═════ SUPPLIED MATERIAL

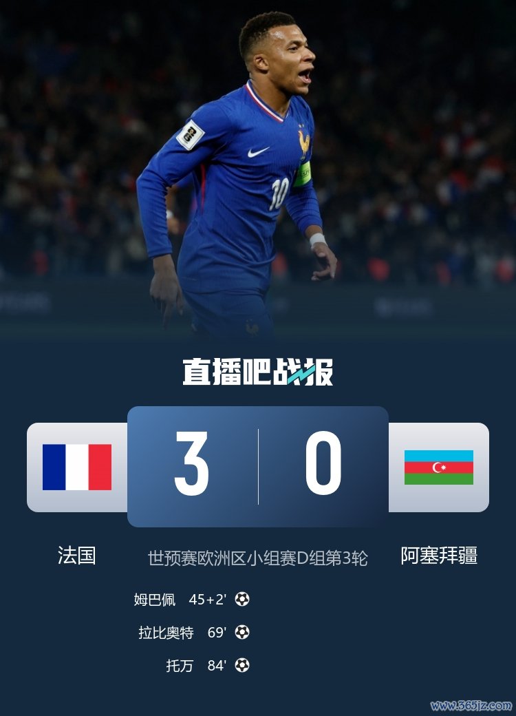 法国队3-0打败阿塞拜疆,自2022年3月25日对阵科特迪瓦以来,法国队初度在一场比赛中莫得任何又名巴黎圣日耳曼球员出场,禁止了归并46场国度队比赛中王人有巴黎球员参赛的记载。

══════════
═════ SUPPLIED MATERIAL

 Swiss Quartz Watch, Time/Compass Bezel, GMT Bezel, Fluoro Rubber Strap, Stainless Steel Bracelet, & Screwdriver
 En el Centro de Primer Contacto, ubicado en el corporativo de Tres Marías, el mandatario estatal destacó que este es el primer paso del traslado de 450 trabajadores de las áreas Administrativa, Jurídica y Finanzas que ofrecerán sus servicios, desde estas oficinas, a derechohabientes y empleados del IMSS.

══════════
═════ SUPPLIED MATERIAL

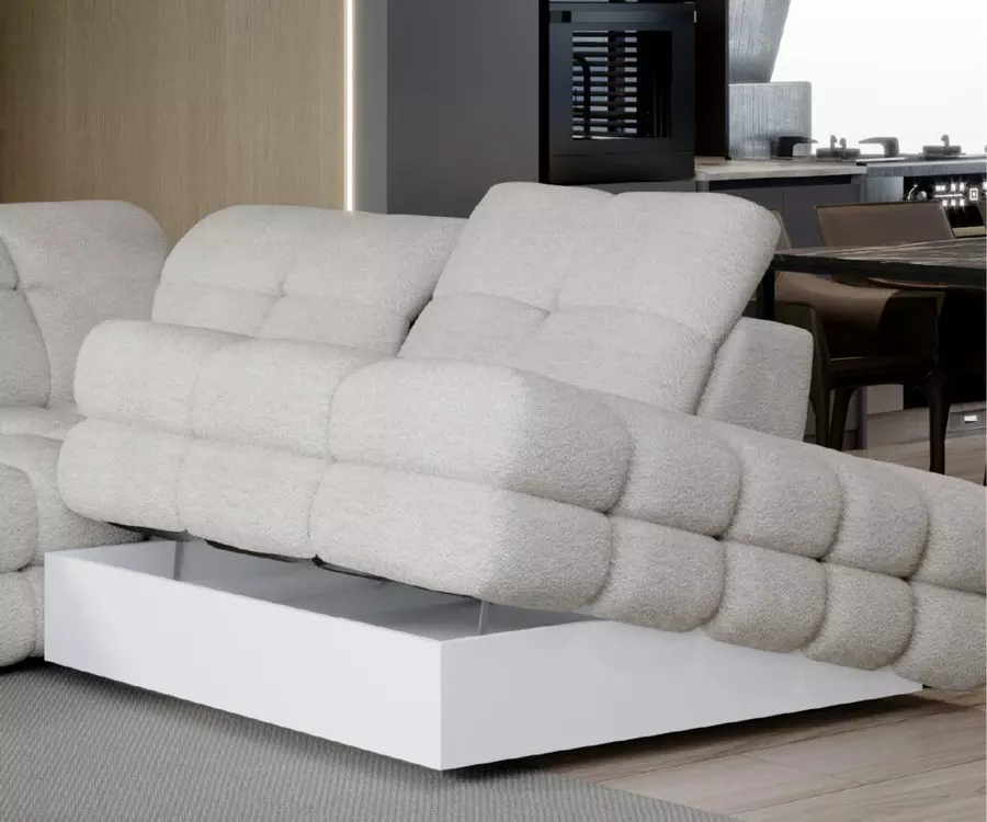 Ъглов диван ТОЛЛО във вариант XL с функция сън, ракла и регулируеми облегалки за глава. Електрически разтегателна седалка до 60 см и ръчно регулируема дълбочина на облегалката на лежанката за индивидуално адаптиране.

══════════

§ **WHAT YOU WILL DO**
When the line with "Swiss Quartz Watch, Time/Compass" is reached in the data above, begin copying, and stop after the line with "En el Centro"; copy each line exactly, both ends included.

§ **RESULT OF THE EXERCISE**
 Swiss Quartz Watch, Time/Compass Bezel, GMT Bezel, Fluoro Rubber Strap, Stainless Steel Bracelet, & Screwdriver
 En el Centro de Primer Contacto, ubicado en el corporativo de Tres Marías, el mandatario estatal destacó que este es el primer paso del traslado de 450 trabajadores de las áreas Administrativa, Jurídica y Finanzas que ofrecerán sus servicios, desde estas oficinas, a derechohabientes y empleados del IMSS.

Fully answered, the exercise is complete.